Management of Cervical Spondylotic Myelopathy

Introduction

Cervical spondylotic myelopathy (CSM) is caused by a reduction of the sagittal diameter of the cervical spinal canal as a result of congenital and/or degenerative changes in the cervical spine. It is the most common type of spinal cord dysfunction in patients over the age of 55 years and it is the most common cause of acquired spastic paraparesis and tetra- or quadriparesis in the adult population. ^, Risk factors for spondylosis include age, cigarette smoking, frequent lifting, and diving.

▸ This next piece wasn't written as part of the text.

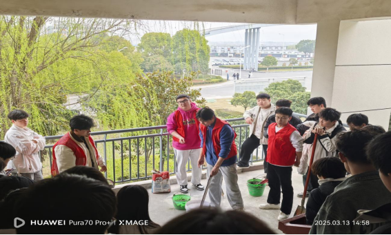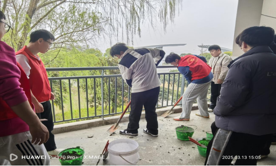 活动期间,还设置了别出心裁的师生互动环节。3月13日,在连廊处,5名“红瓦刀“队员在旁实际操作,指导老师刘铸详细讲解了踢脚线修复的标准和流程,现场还积极解答师生关于日常维护的问题,充分调动了师生参与的积极性。

CSM is a manifestation of chronic and repetitive trauma from spondylosis to the spinal cord, taking the form of compression, distraction, and/or angular distortion, resulting in neurological dysfunctions. ^{, ,} Degenerative changes of cervical spondylosis occur in the five articulations that comprise the cervical motion segment: the intervertebral disc, the two facet joints, and the two uncovertebral joints of Luschka. The normal aging process of the spine results initially in disc desiccation, leading to loss of disc height. This change brings the uncovertebral joints into contact, thereby disrupting the normal biomechanics of the facet joints. Osteophyte formation, ligamentum flavum hypertrophy, and facet and uncovertebral joint eburnation may then occur as a reaction to the abnormal biomechanics. ^, These degenerative changes most commonly occur at C5–C6 and C6–C7. White and Panjabi classify such spondylotic changes as “static” factors involved in the pathogenesis of CSM. Other etiologies and risk factors include congenital spinal canal stenosis with less than 13 mm anteroposterior (AP) diameter, and disc herniation. White and Panjabi also describe “dynamic” factors, which are abnormal forces placed on the spinal column and cord during flexion and extension under normal physiologic loads. For example, repetitive traumatic compression of the spinal cord against an osteophyte during normal flexion and extension of the cervical spine is defined as a dynamic factor. ^{, ,}

In addition to the direct mechanical compression of neural elements, CSM may also be the result of spinal cord ischemia. Ischemia can result from compression of large arterial feeders to the spinal cord such as the anterior spinal artery, reduced flow through the penetrating arteries of the spinal cord or the pial plexuses, or impairment in venous outflow resulting in venous hypertension. ^,

The natural history of CSM appears to be one of progressive disability. ^, It should be noted that there are some limitations in determining this natural history; studies are hampered by bias, heterogeneous patient populations, lack of long-term follow-up, and the use of qualitative rather than quantitative outcome measures. In fact, Clarke and Robinson asserted that once the disorder was recognized, neurologic function did not return to normal. In their series, 75% had episodic progression; 20% had slow, steady progression; and 5% had a rapid onset of symptoms followed by a prolonged period of stable disease. Nurick observed that younger patients with mild disability tended to have a better prognosis, while patients over the age of 60 years tended to progress. Moreover, patients who have had symptoms longer than 2 years show no improvement despite treatment. ^,

Symptom duration may have a negative impact on natural history. Sadasivan and colleagues reported on 22 patients with symptomatic CSM for an average of 6.3 years. All patients were reported to be Nurick II myelopathy at diagnosis. All progressed over the study period, one to grade III, 17 to grade IV, and 4 to grade V. Gait was involved in 100%, weakness in 45%, and dexterity in 72% of patients.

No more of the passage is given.